In 1973 Studio la Città held a group show called Iononrappresentonullaiodipingo – exhibiting works by Carlo Battaglia together with others by Rodolfo Aricò, Giorgio Griffa, and Claudio Verna – which was one of the first exhibitions of so-called Analytical Painting. It was curated by Maurizio Fagiolo dell’Arco who today, after forty-two years, looks back at that period, one that is now undergoing a genuine critical and financial rediscovery, by exhibiting a series of works by artists from the time. This is a confirmation of a choice made then that can now be proposed once more with the double aim of verifying the historical validity it had then, and the present value of an artistic trend that has still to be evaluated in all its critical and historical aspects.

But it is Mare, The Sea, that completes this moment for reinvestigation that Studio la Città is proposing to the public: in fact Mare is a series of works by Carlo Battaglia that actually deals with this theme of reinvestigation.
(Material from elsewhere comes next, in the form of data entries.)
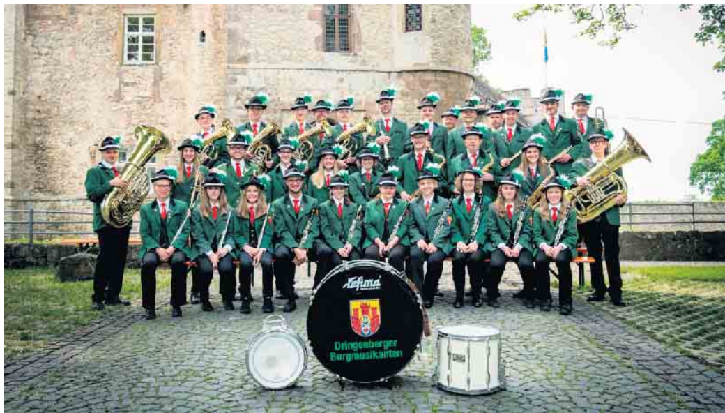
60 Jahre Dringenberger Burgmusikanten

Die Karten sind im Vorverkauf im Dorfladen Dringenberg und in der Gaststätte Ludger Hausmann für 8 Euro erhältlich. An der Abendkasse sind die Karten für 10 Euro ab 19 Uhr erhältlich (bis 16 Jahre ist der Eintritt frei). Außerdem wer-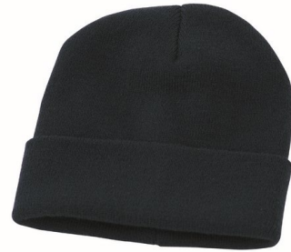
05 – NERO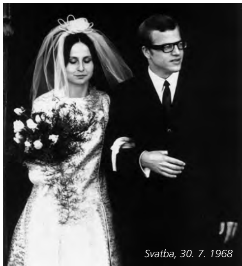
Svatba, 30. 7. 1968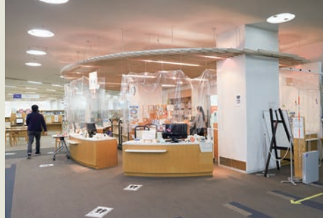
土日祝日も開館し、多くの市民が利用する窓口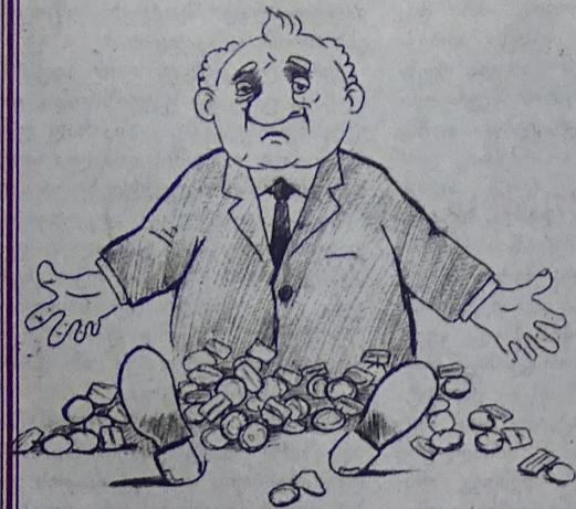
ამ ხალხს ღირსება მართლა ჰქონია...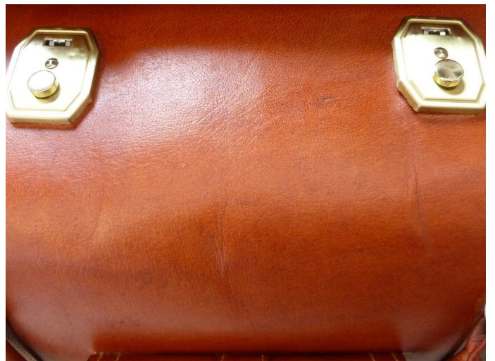
Naturledertasche mit Regenwasserflecken. Das Leder wurde insgesamt etwas dunkler, aber ein schönes Ergebnis.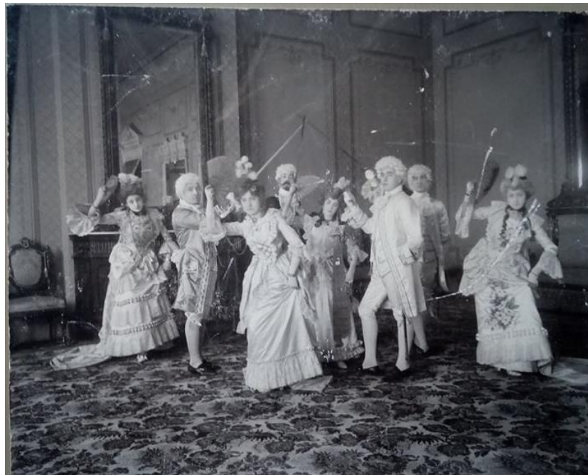
Minué realizado en el Foyer del Teatro Calderón, 1903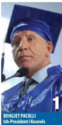
BEHGJET PACOLLI Ish-President i Kosovës

Në traditën e universiteteve më të njohura ndërkombëtare, UET akordon me një frekuencë 1-2 tituj Honoris Causa në vit. Duke shenjuar si një mirënjohje e institucionit për veprimtarinë e jetës apo akte me interes të posaçëm në lidhje me Shqipërinë, zhvillimin, shkencën, kulturën etj. UET përzgjedh personalitete shqiptare apo të huaja, figura politike, shkencëtarë, juristë, filozofë, shkrimtarë apo nobelistë dhe figura institucionale. Në vitin e 15 akademik 2020-2021 UET do të akordojë titullin e 15-të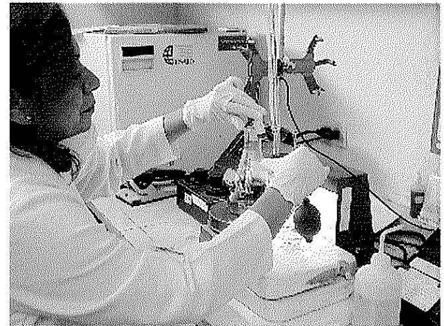
Se analizó el contenido de carbono y nitrógeno de los residuos.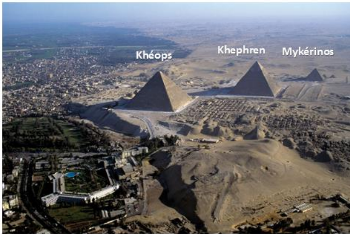
Doc1 : Les pyramides de Gizeh aujourd'hui

A proximité du Caire, sur le plateau de Gizeh, on peut voir aujourd'hui les plus grandes pyramides d'Égypte, et autour, de nombreuses tombes. Construits au III e millénaire avant J.-C, ces tombeaux sont les demeures d'éternité des pharaons et de leur entourage.

It is an anthological selection of works representing the whole of his activity from the early 1960s – which are linked to Iononrappresentonullaiodipingo, of which Battaglia was a protagonist – to the early 2000s and the death of the artist in 2005. The theme of the sea is constantly to be found in Battaglia’s work (he was born in La Maddelena, by the sea, where he was to return in his final years), even when his sophisticated canvases were indicated as the quintessence of Analytical Painting: today, all types of conceptualism and critical ideologies have been abandoned, but what we see here is a dogged and almost obsessive relationship between the artist’s self and the painting which uses as a pretext – though one that is deeply felt – an element that is always the same and always iridescent: the sea. He analyses it in every possible mutation, in all conditions, and from every point of view. And from the whole itinerary there not only results the coherence of the painter, but also the coherence of painting itself, of which Battaglia was one of the most knowing and meticulous exponents.
Today the figure of Carlo Battaglia is the object of a careful examination by a group of galleries and a pool of attentive collectors, and this show is an important – and strategically thought out – step long the “journey of rediscovery” of one of the most significant Italian artists of the analytical period, as well as being a research into painting tout court, quite apart from trends and labels.

The exhibition has been organised in collaboration with the Fondazione Carlo Battaglia in Rome; it is curated by Marco Meneguzzo, the editor of the artist’s catalogue raisonné, and is dedicated to Carla Panicali, wife of the artist and great friend of Hélène de Franchis.